ARE WE heading towards another debt crisis of the sort that nearly brought the global financial system to a grinding halt in 2008?
Consumer debt now stands at more than £200 billion, and that means an average of more than £3000 of debt from car loans, personal loans, and credit cards for every man, woman, and child in the country.
More serious even than the current total of debt is its rapid rise — ten per cent a year over the past five years — while household incomes have increased at barely two per cent. If that were to continue and be compounded over future years, the annual rise would soon far exceed the ten-per-cent level.
The ratings agencies are warning us about the stark implications for the economy: partly to restrain lending, interest rates are starting to rise, and families already burdened with debt will be faced with higher interest charges; if they cannot afford them, that will give a further twist to the spiral of indebtedness.

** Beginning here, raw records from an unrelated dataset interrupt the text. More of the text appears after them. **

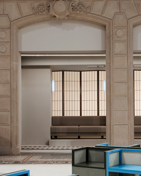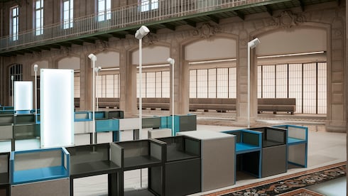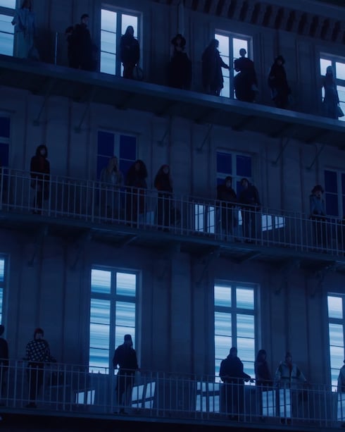 En una oda al espíritu viajero de Louis Vuitton, el edificio Étoile du Nord del siglo XIX cobra vida con la escenografía de Es Devlin, que captura el bullicioso ambiente de una estación de tren parisina en el gran atrio.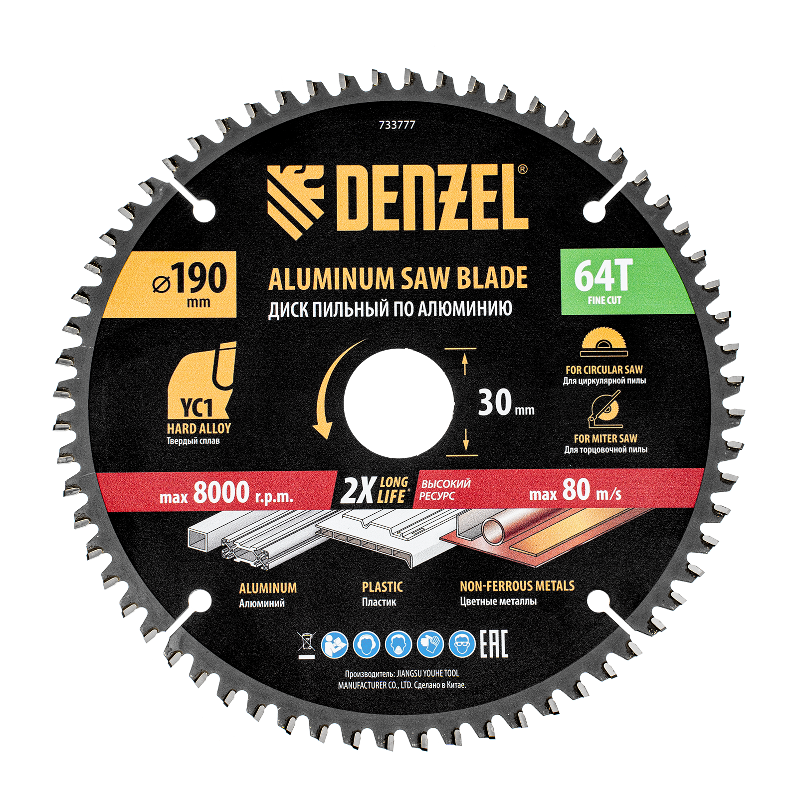 Пильный диск Denzel 733777 диаметром 190 x 30 мм, с 64 зубьями, предназначен для точного распиливания заготовок из алюминия, пластика, цветных металлов. Устанавливается на циркулярную или торцовочную пилу, также возможно использование с распиловочным станком. Зубья трапециевидно-плоского типа (TCG) с отрицательным углом заточки обеспечивают ровный рез без сколов. В комплект поставки входит переходное кольцо 30/20 мм, позволяющее изменить посадочный диаметр при необходимости.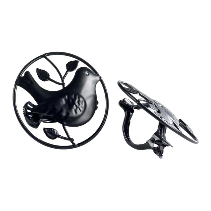 Informations Techniques : Dimensions : D. 8 cm Matière : 100 % Fer Spécificités : Design & Pratique Lot de 2 embrasses pince Design oiseau Simple d'utilisation Poids : 0,070 kg Couleur : Noir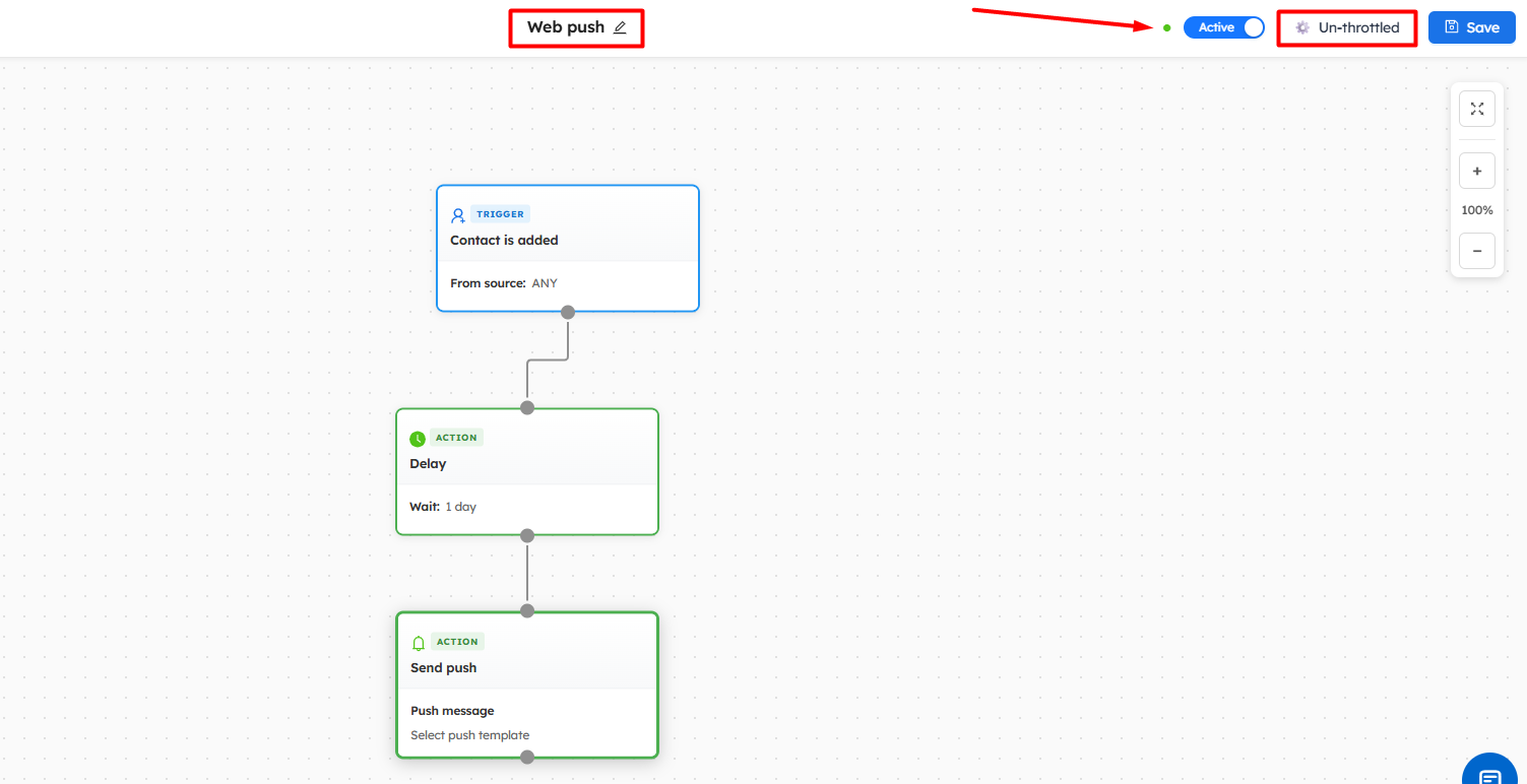 Sending web push notifications using workflows allows you to engage customers instantly with real-time, personalized messages directly on their browsers. Whether it’s promotional offers, reminders, or important updates, web push automation helps you reach users even when they are not actively on your website.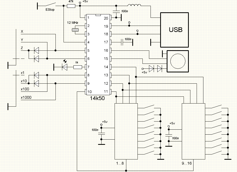 Всего можно будет подключить до 16 кнопок, два галетных переключателя (для выбора осей и скорости подачи) и, собственно, сам энкодер.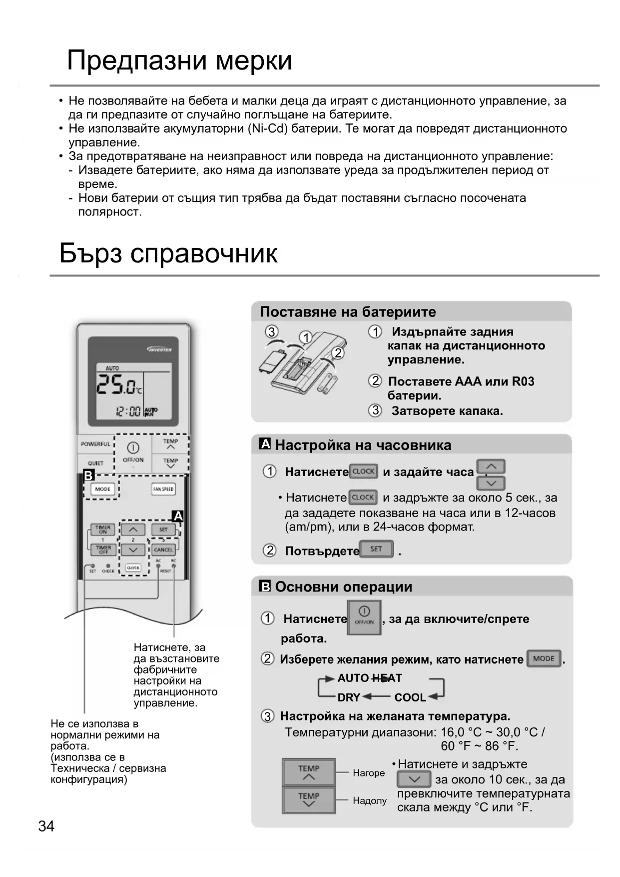 - Това управление не е приложимо, когато е настроен ТАЙМЕР. Режим на работа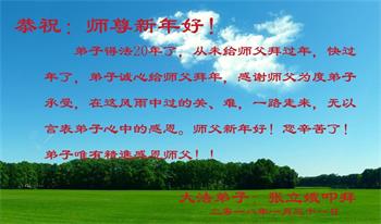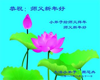 弟子及全家五口之家给师父拜年了,祝师父新年快乐!弟子一定做好三件事,不愧对大法弟子的称号,让师父放心! 黑龙江佳木斯大法弟子及全家敬上! 黑龙江省佳木斯一学法小组遥祝师尊新年快乐!

Some might consolidate their consumer debt by borrowing against the value of their home; and, if the spiral continued its upward trajectory, that would add a further compound effect to the general rise in indebtedness, and the result might be the dark cloud of repossessions.
THAT general increase is serious enough; its distribution is of even greater concern. If the rise was mainly in the borrowings of people with secure incomes, or among those aspiring to a higher standard of living than their income will afford them, there would still be grounds for concern.
But, in reality, debt is, for many, something about which they do not have any real choice. The aspiring student does not any longer “choose” to go into debt: the only choice is whether to enter higher education at all. The person facing a six-week wait for the arrival of Universal Credit payments is not exercising a choice to go into debt: he or she must get an “advance” — another debt — if possible, or face homelessness, a cold winter, or hunger. That part of the consumer-debt increase is simply the rising indebtedness forced upon the poorest.
Those on the front line of helping people whose debts have become problematic, such as Citizens Advice, seek rightly to do the best that they can to promote responsible and restrained borrowing; and the credit-union movement, like the Churches’ own Mutual Credit Union (cmcu.org.uk), seeks to create a mutual relationship between savers and borrowers, recognising that, at different times, any of us can be in either position.
But, despite those welcome initiatives, there are still too many lessons that are not being learned.
First, it is the nature of debt that it consumes today what will not be available, if at all, until tomorrow, next year, or in the far-distant and unpredictable future. We cannot, therefore, on the one hand, campaign to reduce the drain on the planet’s resources — as indeed we should — while at the same time inviting people to believe that borrowing is the way to sustain prosperity, encouraging a culture of borrowing which means consuming today more than today’s share, eating the future’s daily bread.
Second, the focus is, in far too limited a way, on debt as an economic reality. It is that, and the rising tide of inequality is, to a large extent, about the separation between those who have and those who can have only if they borrow. But, in the process, there is another, even graver inequality that is being promoted: the steady enlargement of inequalities of power.
That is no less real because it cannot be calculated as money can, but its entail can be seen in social disorder, and the twin crises of migration and in our prisons, as the relatively powerful have isolated themselves from the relatively powerless, who are constrained by their poverty and, especially, their debts.
The connections may not be obvious or manifest themselves immediately: but, if the illusion is fostered of growth though debt, the false promises of rising prosperity will, for many, turn out to be the downward spiral of poverty. Their disappointed hopes will turn to anger that is less and less controllable. Even if that does not always issue in crime or violence, it brings with it a rising sense that the country’s democratic and public institutions are incapable of delivering what people thought they were voting for.
THOSE who think of themselves as averse to borrowing unwisely, or remember being brought up to believe that you should not spend more than you can afford, are also more likely to hide from themselves the character of the culture into which society has moved, and its cost to those who are daily being invited into a destructive model of improved living standards through debt.
In that model, growth is sustained by borrowing, and the victims of it are led to collude in their own disempowerment. It is no use being in control of your own debts if you are not, at the same time, aware of the illusions being foisted on, and sometimes enforced on, our fellow citizens.
The credit-ratings agencies are right to point out that the model of growth through borrowing ultimately is unsustainable; for many of our friends and neighbours, it already is.
Dr Peter Selby, a former Bishop of Worcester, is the author of Grace and Mortgage: The language of faith and the debt of the world (Darton, Longman & Todd).